In message <20041107132746.6E9A81C063@coconut.itojun.org>,
Jun-ichiro itojun Hagino writes:


I too have implemented an Microsoft Windows-2000-compatible GSSAPI
extension to IKE, which may be why Jason asked me to comment.  For
now, just a quick response:



[.. Jason Thorpe writes.. ]

>> - While the GSS-API-for-IKE draft specifies "Unicode" (for Windows 
>> compatibility), this was unfortunately a little too vague.  Currently, 

I cannot agree with Jason. In context, and at the time of writing of
the draft, it seemed abundantly clear that the document intends UCS-2.
(The only possible ambiguity in "Unicode" would be to include UCS-4).

It will come as no suprise to any well-informed reader that UCS-2
little-endian is absoutely required for Microsoft compatibility.
Since MS interoperability was the intent of the document, a UCS-2le
encoding should be ``taken as read'' for ``Unicode''.

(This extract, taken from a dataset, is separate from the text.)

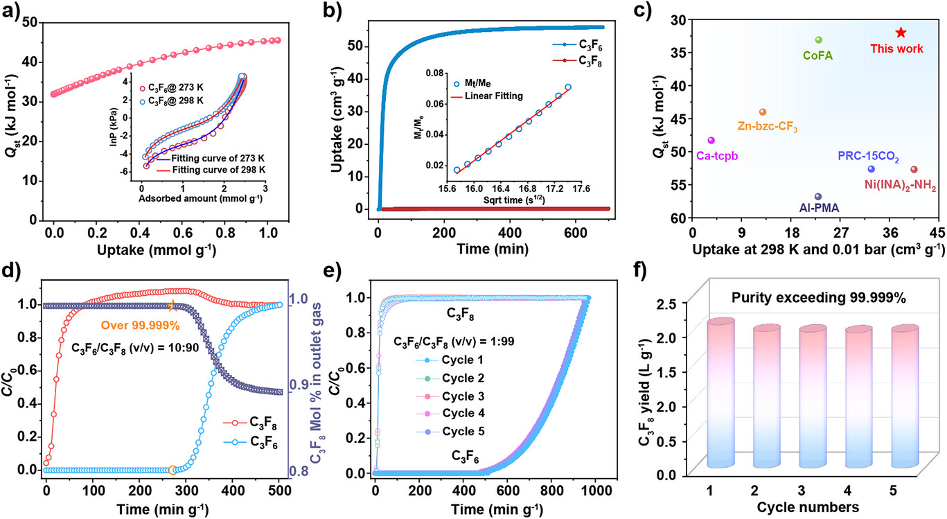 3. 动态穿透实验: 搭建固定床吸附柱,通入不同比例(50:50, 10:90, 1:99)的C3F6/C3F8混合气。在1:99模拟工业痕量杂质工况下,C3F8立即穿透,而C3F6被牢牢截留。流出气中C3F8纯度稳定超过99.999%,单次穿透C3F8产率高达2.06 × 10³ L kg⁻¹。连续5次循环及存放1年后的样品性能无衰减。

That said: my understanding is that a UCS-2 encoding is flatly
incompatible with the DER rules for the OIDs used for Kerberos
principals; the ANS.1 encoding of KRB5 principals is such that a UTF-8
encoding is the only permissible ``on-the-wire'' extension of
ASCII/ISO 646.  (Somewhat heated statements by the usual MIT-Kerberos
suspects to that effect can be found via a search engine. Or at least,
they could a couple of years ago.)

Therefore, if the I-D was to be rescusitated and progress down the
IETF standards track (and the "private use" handshake and payload
values be replaced with public IANA-assigned values), it should
specify a UTF-8 encoding of principal names --- with a revised
parameter, and with a note requiring backwards-compatibility with the
extant Microsoft UCS2 encoding.


If (dim) memory serves, I discussed the issue with Brian Swander,
suggested the above approach, and Brian agreed to my suggestion.  It
should probably be done afresh, if anyone cares to write an I-D
specifying GSSAPI authentication for IKEv2.


>	will you comment on it to authors of the offending internet draft?
>	from the current situation, using UTF16-LE (just like MS) might be an
>	mistake.  

That's an downright *stupid* idea. The expired I-D under discussion
existed in large part to document how to interoperate with Microsoft
implementations.  That's why the expired I-D documented the "private
use" values chosen by the Microsoft implementation.


>the document is vague so we don't know what is the right
>	thing to do.

Oh, bollocks. Anyone with half a brain can see that the only ``right
thing to do'' for interoperability with Microsoft's ``private use''
values in conjunction with Microsoft's private Vendor-ID, is to in
fact be interoperable with the Microsoft implemetation. In this case,
that means using UCS-2LE.  See also the comments in the expired I-D
about the IETF allocating new, public IDs, should the I-D be promoted
to the standards track. (That, imho, would be the correct point to
switch to a UTF-8 encoding of principal names).

Itojun, you really should read draft-ietf-ipsec-isakmp-gss-auth-07.txt.